Tonquédec, forteresse protestante et royale -1

     Les ruines de la forteresse de Tonquédec, en Coatmen, ont encore fière allure. C’était assurément une des plus belles forteresse de Bretagne. Ses hautes murailles ferment l’axe de la rivière du Légué qui se jette dans la mer, non loin de là, à Lannion. Une triple enceinte, onze tours, un grand donjon, des murailles en pierre de taille de grand appareil d’une épaisseur qui dépasse souvent les quatre mètres, une cour intérieure aménagée en casernement : Tonquédec représentait une place majeure du système défensif du duché de Bretagne.
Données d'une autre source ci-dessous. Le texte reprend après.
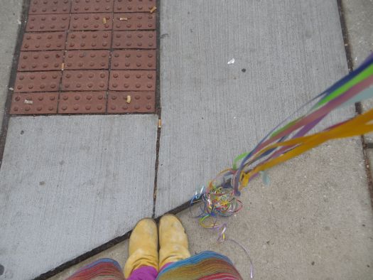 I didn’t hand them all out, so I tied the remaining ones to parking meters down the block. I’ve kept the “Have a great day!” sign in my car and I put it on top of my backpack and other belongings when I leave them in my car in the city. I figure if that doesn’t deter someone from breaking into my car, I don’t know what will. 🙂
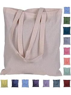 ATMOS GREEN 20 COLORS | 5 | 12 | 20 | 50 | 100 | 200 Pack 15 X 16 Inch NATURAL color Recycled Cotton tote bags eco friendly super strong great choice for schools promotion MADE in INDIA (5 Pack)

    C’était, au XVIe siècle, une fortification relativement récente puisque le château avait été entièrement reconstruit vers 1447 et l’avant-cour rajoutée depuis peu. L’édification de Tonquédec était l’œuvre des seigneurs  de Coatmen.

château de Tonquédec

Le château de Tonquédec. Vue aérienne. (Wiki commons)

   La vicomté passa dans la famille des Acigné par le mariage de Jean VI d’Acigné avec la dernière héritière de la branche aînée des Coatmen en 1487. Contrairement à ce qui a été dit par ailleurs, Tonquédec n’échut pas ensuite à sa fille, mais bien à son fils Jean VIII d’Acigné (1525-1573). C’est lui qui, embrassant la Réforme dans les années 1559, fit du château une place huguenote. Mais l’homme n’était pas un calviniste très ardent. Il n’inquiétait guère le gouverneur de Bretagne, car il resta indéfectiblement fidèle à la dynastie des Valois. Il semble bien, de plus, qu’il retourna au catholicisme dès 1569.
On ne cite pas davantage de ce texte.